** Opening SOURCE INFORMATION block **

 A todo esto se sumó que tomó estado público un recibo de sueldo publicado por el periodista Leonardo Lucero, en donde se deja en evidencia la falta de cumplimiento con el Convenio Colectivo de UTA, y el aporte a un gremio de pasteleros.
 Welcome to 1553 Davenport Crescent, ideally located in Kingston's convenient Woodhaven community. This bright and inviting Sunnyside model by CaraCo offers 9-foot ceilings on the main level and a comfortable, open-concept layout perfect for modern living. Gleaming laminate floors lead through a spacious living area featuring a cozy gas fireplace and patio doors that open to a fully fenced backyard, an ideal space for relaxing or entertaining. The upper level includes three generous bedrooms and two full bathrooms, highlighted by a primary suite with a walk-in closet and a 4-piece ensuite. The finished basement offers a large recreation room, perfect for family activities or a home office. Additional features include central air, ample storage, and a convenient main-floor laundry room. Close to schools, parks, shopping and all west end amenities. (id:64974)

** Closing SOURCE INFORMATION block **
** Opening SOURCE INFORMATION block **

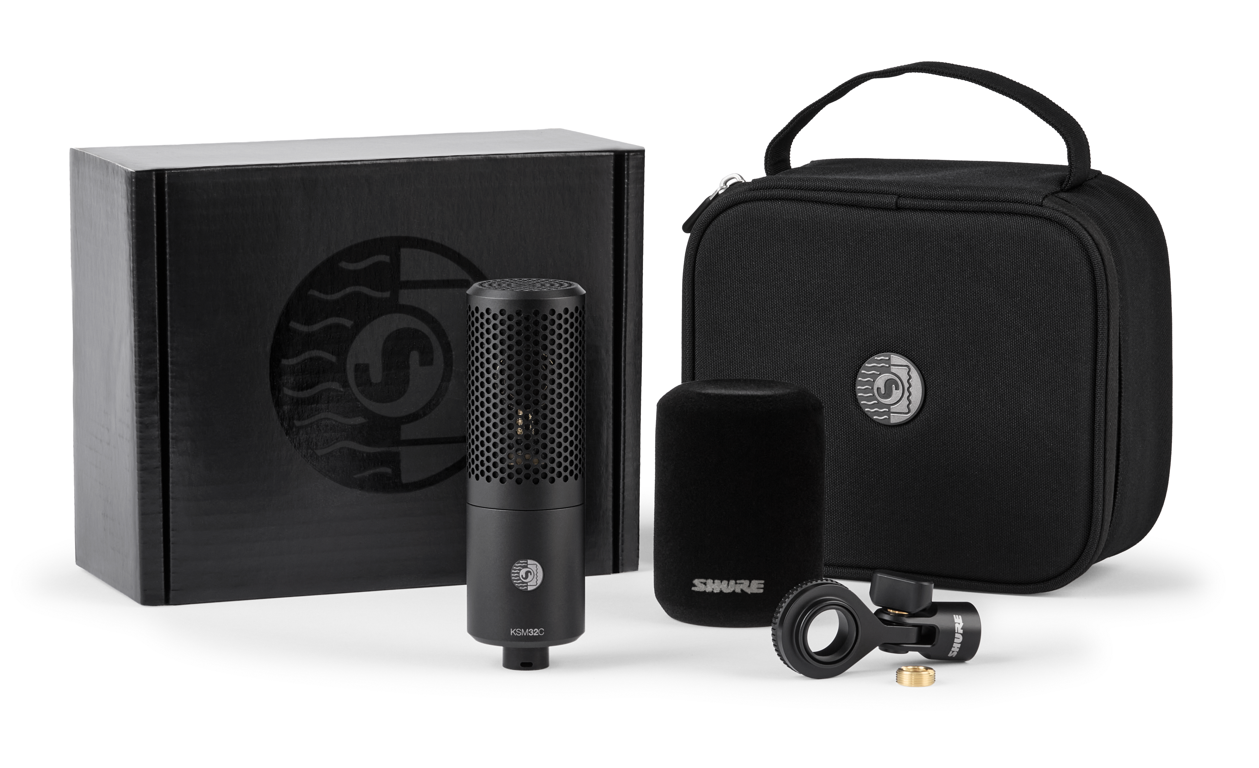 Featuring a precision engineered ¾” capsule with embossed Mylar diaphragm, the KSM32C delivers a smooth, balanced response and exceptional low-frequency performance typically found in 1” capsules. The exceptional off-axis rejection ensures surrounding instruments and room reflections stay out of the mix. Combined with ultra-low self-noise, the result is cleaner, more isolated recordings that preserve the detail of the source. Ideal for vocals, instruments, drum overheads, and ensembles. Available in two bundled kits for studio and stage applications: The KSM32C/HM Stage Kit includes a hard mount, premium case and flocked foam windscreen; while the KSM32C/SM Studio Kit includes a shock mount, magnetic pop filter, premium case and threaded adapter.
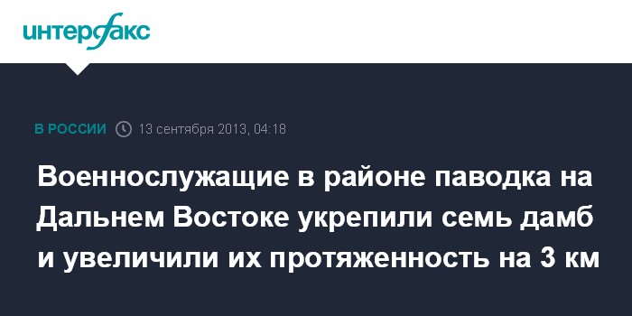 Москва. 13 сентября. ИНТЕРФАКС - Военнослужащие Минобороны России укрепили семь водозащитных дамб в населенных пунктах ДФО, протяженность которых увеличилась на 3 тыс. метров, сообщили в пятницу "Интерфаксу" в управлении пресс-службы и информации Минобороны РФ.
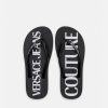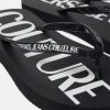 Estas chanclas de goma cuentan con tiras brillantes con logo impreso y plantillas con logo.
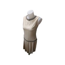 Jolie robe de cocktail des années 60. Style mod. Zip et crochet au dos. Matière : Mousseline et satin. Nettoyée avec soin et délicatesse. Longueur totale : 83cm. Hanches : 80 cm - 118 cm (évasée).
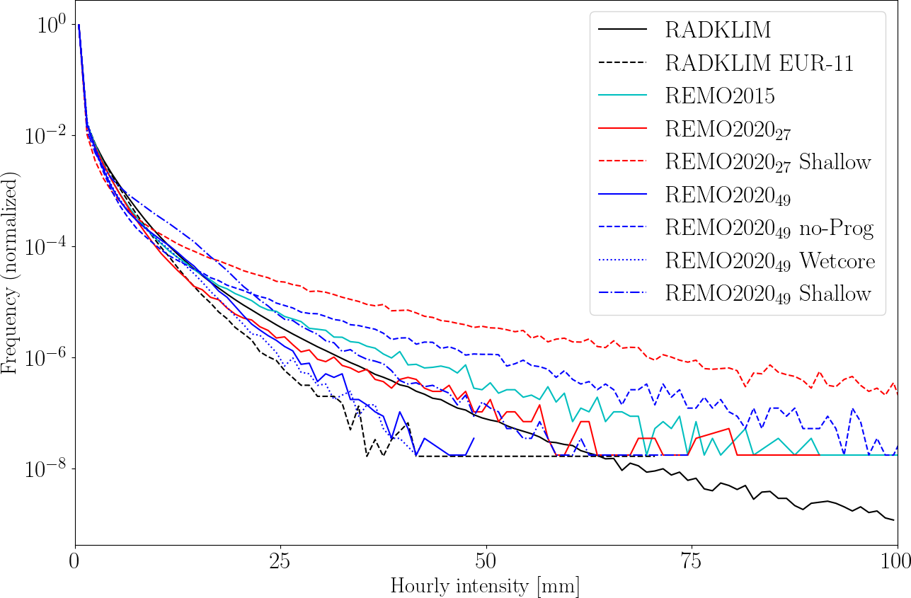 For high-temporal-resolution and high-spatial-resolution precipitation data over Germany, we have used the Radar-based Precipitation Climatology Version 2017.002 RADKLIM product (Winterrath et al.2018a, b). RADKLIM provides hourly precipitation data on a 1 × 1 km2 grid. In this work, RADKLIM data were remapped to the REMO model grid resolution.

** Closing SOURCE INFORMATION block **

**PROBLEM TO WORK ON**
While skipping the pictures, transcribe the data above from the line showing "Москва. 13 сентября." through the line showing "For high-temporal-resolution and", exactly and with both ends.

**ANSWER BELOW**
 Москва. 13 сентября. ИНТЕРФАКС - Военнослужащие Минобороны России укрепили семь водозащитных дамб в населенных пунктах ДФО, протяженность которых увеличилась на 3 тыс. метров, сообщили в пятницу "Интерфаксу" в управлении пресс-службы и информации Минобороны РФ.
 Estas chanclas de goma cuentan con tiras brillantes con logo impreso y plantillas con logo.
 Jolie robe de cocktail des années 60. Style mod. Zip et crochet au dos. Matière : Mousseline et satin. Nettoyée avec soin et délicatesse. Longueur totale : 83cm. Hanches : 80 cm - 118 cm (évasée).
 For high-temporal-resolution and high-spatial-resolution precipitation data over Germany, we have used the Radar-based Precipitation Climatology Version 2017.002 RADKLIM product (Winterrath et al.2018a, b). RADKLIM provides hourly precipitation data on a 1 × 1 km2 grid. In this work, RADKLIM data were remapped to the REMO model grid resolution.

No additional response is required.